-- Work required --
Each entry below should be given again exactly; the pictures stay out.

-- Information given --

====================

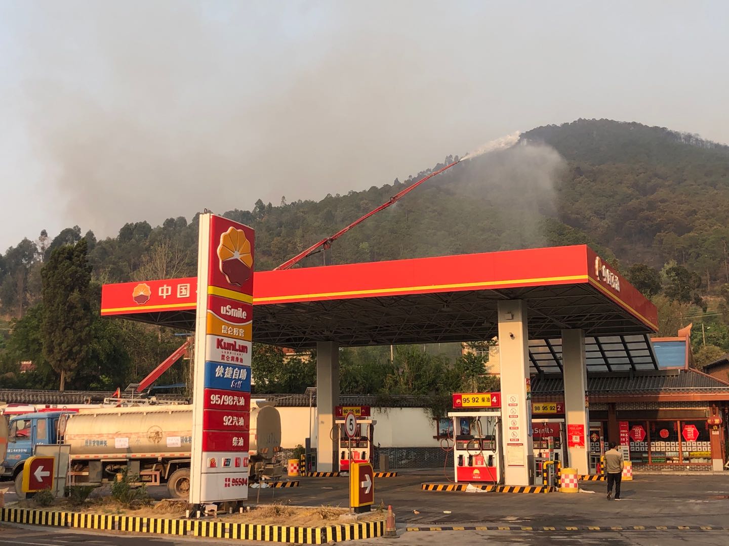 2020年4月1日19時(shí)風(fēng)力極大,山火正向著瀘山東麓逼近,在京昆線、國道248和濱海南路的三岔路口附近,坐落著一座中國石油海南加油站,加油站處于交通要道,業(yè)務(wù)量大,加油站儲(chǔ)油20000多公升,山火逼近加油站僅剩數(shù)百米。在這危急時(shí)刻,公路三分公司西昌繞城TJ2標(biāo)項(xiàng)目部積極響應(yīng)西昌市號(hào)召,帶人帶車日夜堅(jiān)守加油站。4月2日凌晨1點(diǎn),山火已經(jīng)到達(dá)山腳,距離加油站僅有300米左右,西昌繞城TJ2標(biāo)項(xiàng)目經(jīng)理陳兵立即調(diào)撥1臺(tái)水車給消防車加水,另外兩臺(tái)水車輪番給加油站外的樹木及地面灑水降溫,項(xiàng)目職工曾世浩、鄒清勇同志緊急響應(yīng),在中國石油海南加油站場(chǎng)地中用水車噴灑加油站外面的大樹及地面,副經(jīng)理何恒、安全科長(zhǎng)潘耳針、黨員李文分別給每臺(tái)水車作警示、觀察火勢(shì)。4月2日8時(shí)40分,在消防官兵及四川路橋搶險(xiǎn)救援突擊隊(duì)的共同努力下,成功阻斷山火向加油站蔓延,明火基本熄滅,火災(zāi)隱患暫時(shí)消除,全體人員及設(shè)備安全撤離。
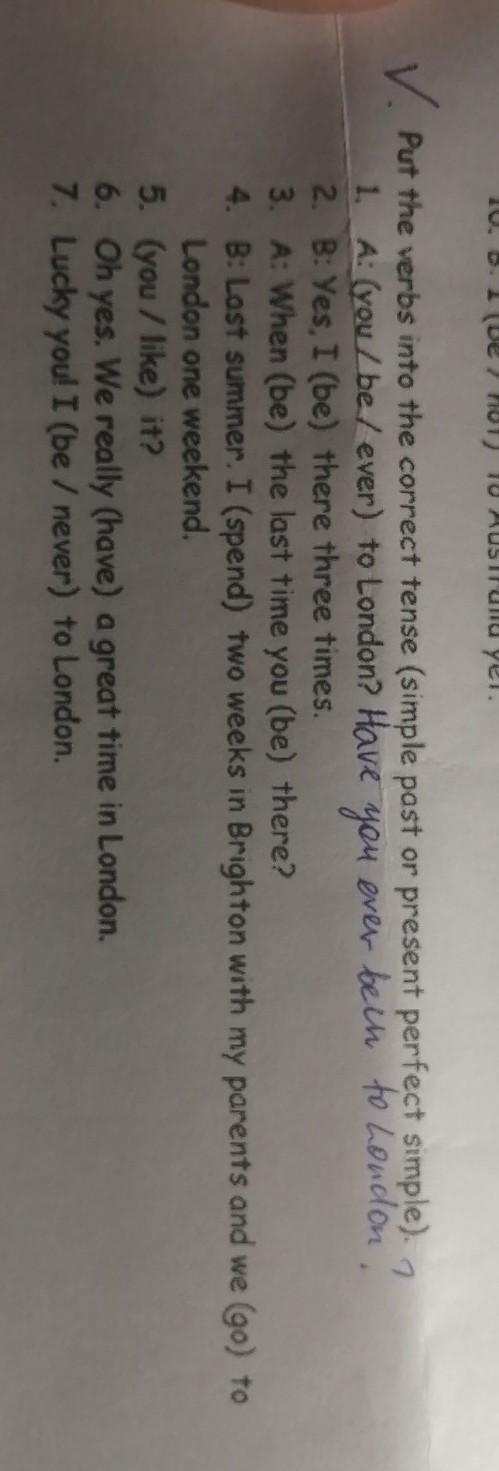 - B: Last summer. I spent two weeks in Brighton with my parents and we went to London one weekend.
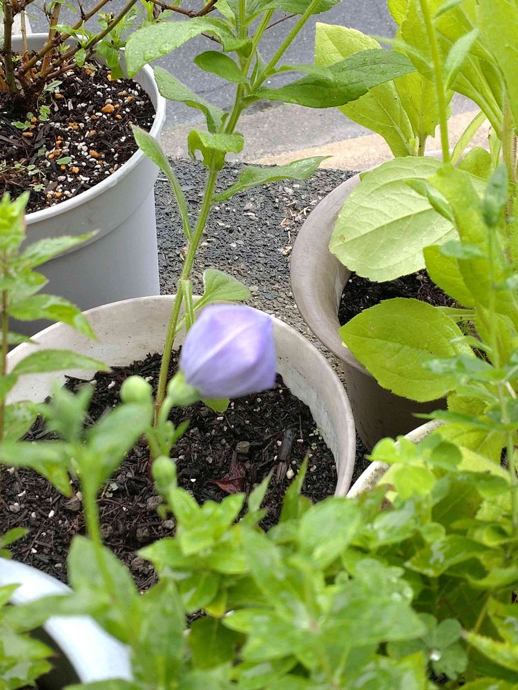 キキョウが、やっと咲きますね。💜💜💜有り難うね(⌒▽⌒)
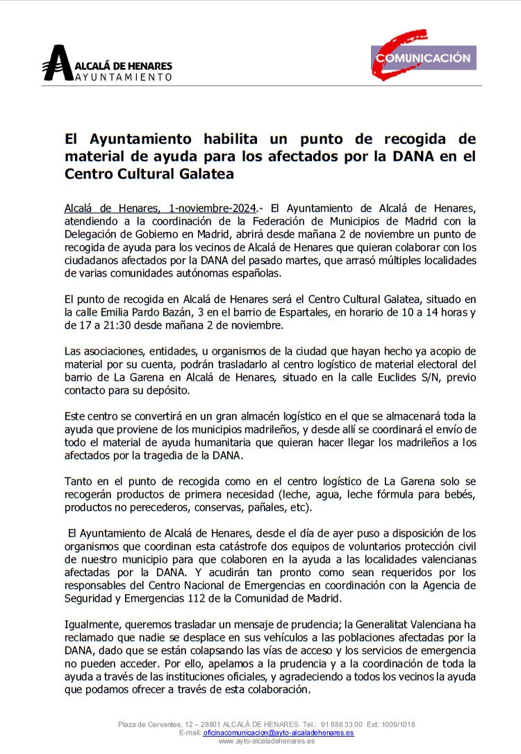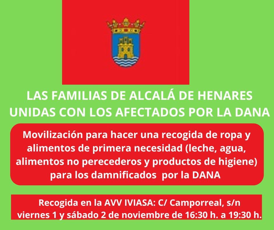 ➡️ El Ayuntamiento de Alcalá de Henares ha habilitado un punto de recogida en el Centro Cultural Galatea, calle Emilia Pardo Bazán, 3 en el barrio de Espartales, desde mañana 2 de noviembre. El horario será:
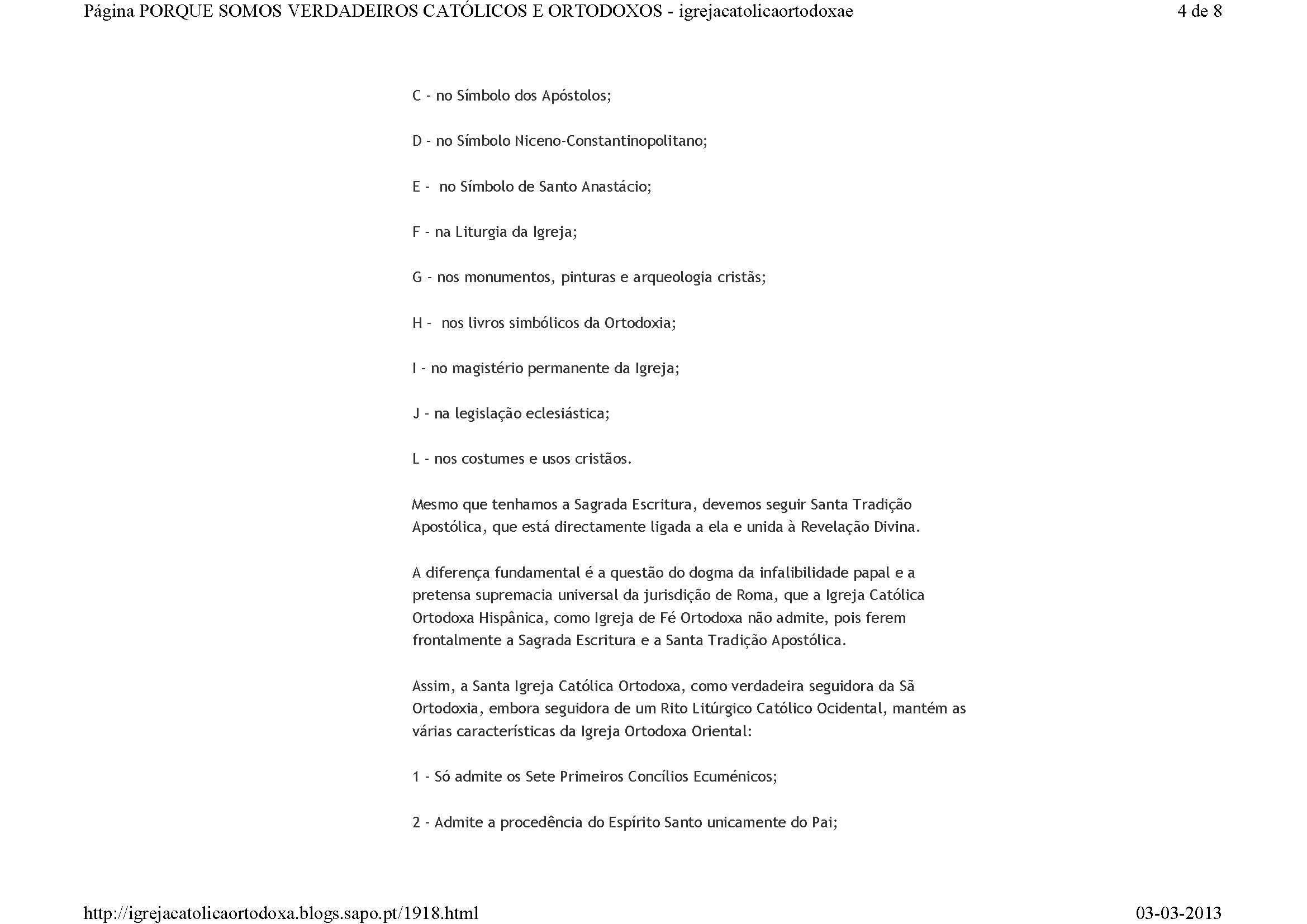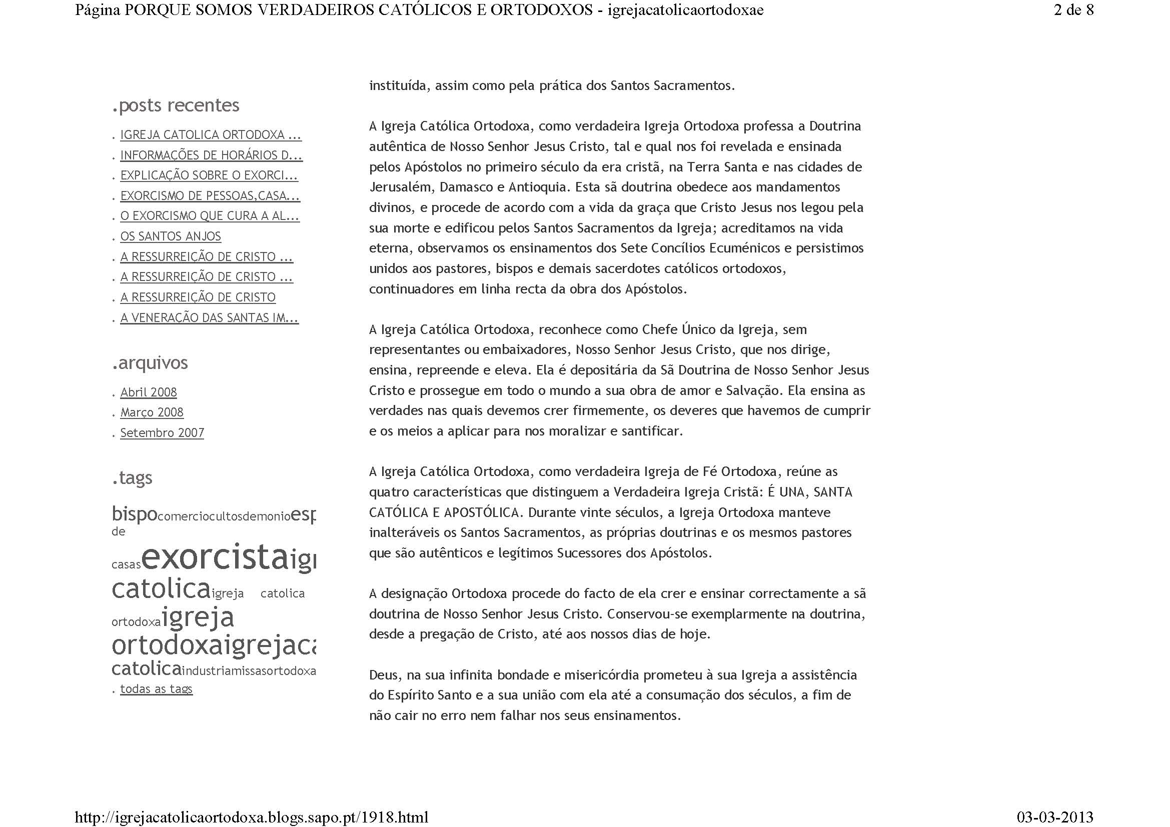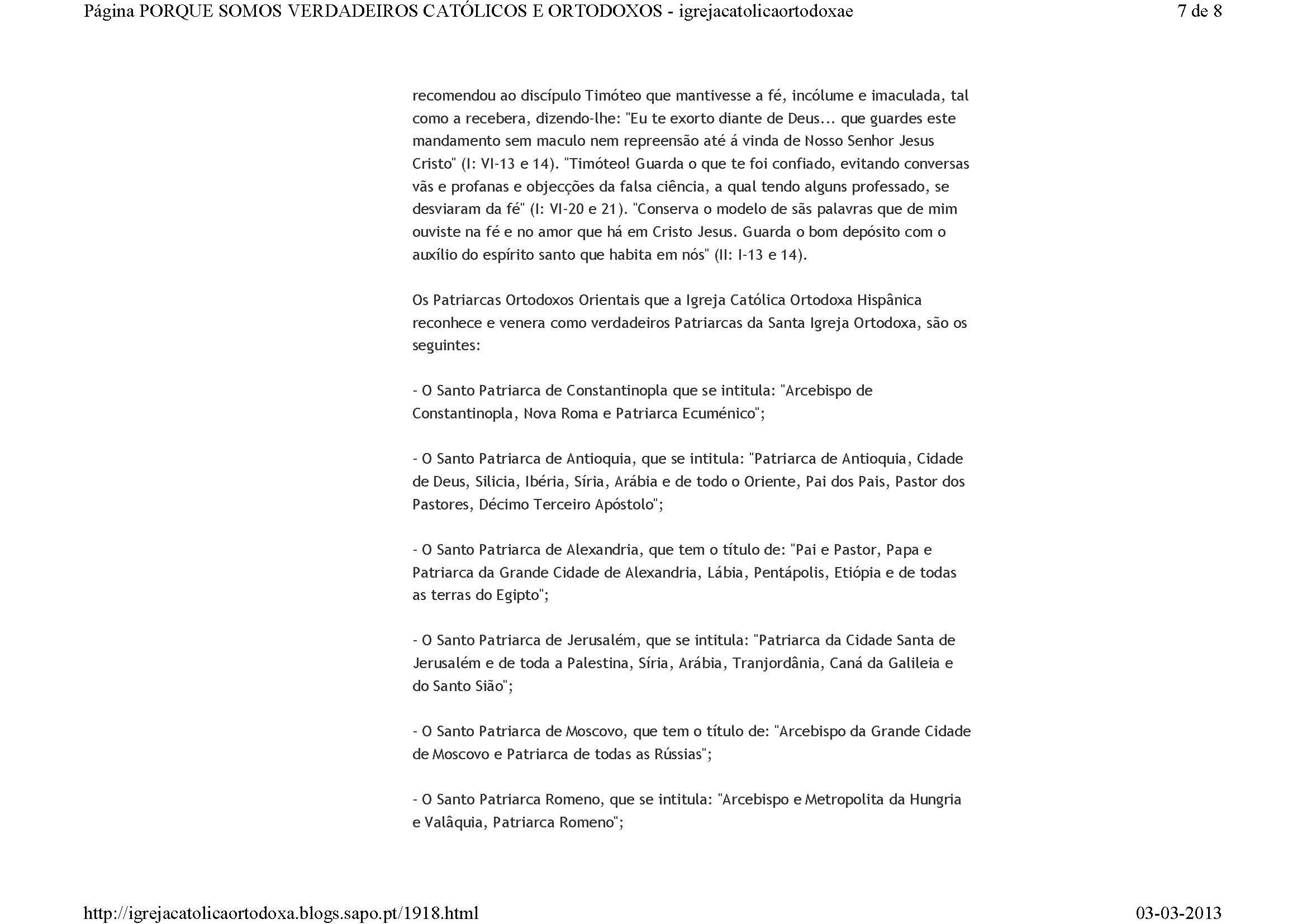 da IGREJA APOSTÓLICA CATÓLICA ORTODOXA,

====================

-- Response to the exercise --
 2020年4月1日19時(shí)風(fēng)力極大,山火正向著瀘山東麓逼近,在京昆線、國道248和濱海南路的三岔路口附近,坐落著一座中國石油海南加油站,加油站處于交通要道,業(yè)務(wù)量大,加油站儲(chǔ)油20000多公升,山火逼近加油站僅剩數(shù)百米。在這危急時(shí)刻,公路三分公司西昌繞城TJ2標(biāo)項(xiàng)目部積極響應(yīng)西昌市號(hào)召,帶人帶車日夜堅(jiān)守加油站。4月2日凌晨1點(diǎn),山火已經(jīng)到達(dá)山腳,距離加油站僅有300米左右,西昌繞城TJ2標(biāo)項(xiàng)目經(jīng)理陳兵立即調(diào)撥1臺(tái)水車給消防車加水,另外兩臺(tái)水車輪番給加油站外的樹木及地面灑水降溫,項(xiàng)目職工曾世浩、鄒清勇同志緊急響應(yīng),在中國石油海南加油站場(chǎng)地中用水車噴灑加油站外面的大樹及地面,副經(jīng)理何恒、安全科長(zhǎng)潘耳針、黨員李文分別給每臺(tái)水車作警示、觀察火勢(shì)。4月2日8時(shí)40分,在消防官兵及四川路橋搶險(xiǎn)救援突擊隊(duì)的共同努力下,成功阻斷山火向加油站蔓延,明火基本熄滅,火災(zāi)隱患暫時(shí)消除,全體人員及設(shè)備安全撤離。
 - B: Last summer. I spent two weeks in Brighton with my parents and we went to London one weekend.
 キキョウが、やっと咲きますね。💜💜💜有り難うね(⌒▽⌒)
 ➡️ El Ayuntamiento de Alcalá de Henares ha habilitado un punto de recogida en el Centro Cultural Galatea, calle Emilia Pardo Bazán, 3 en el barrio de Espartales, desde mañana 2 de noviembre. El horario será:
 da IGREJA APOSTÓLICA CATÓLICA ORTODOXA,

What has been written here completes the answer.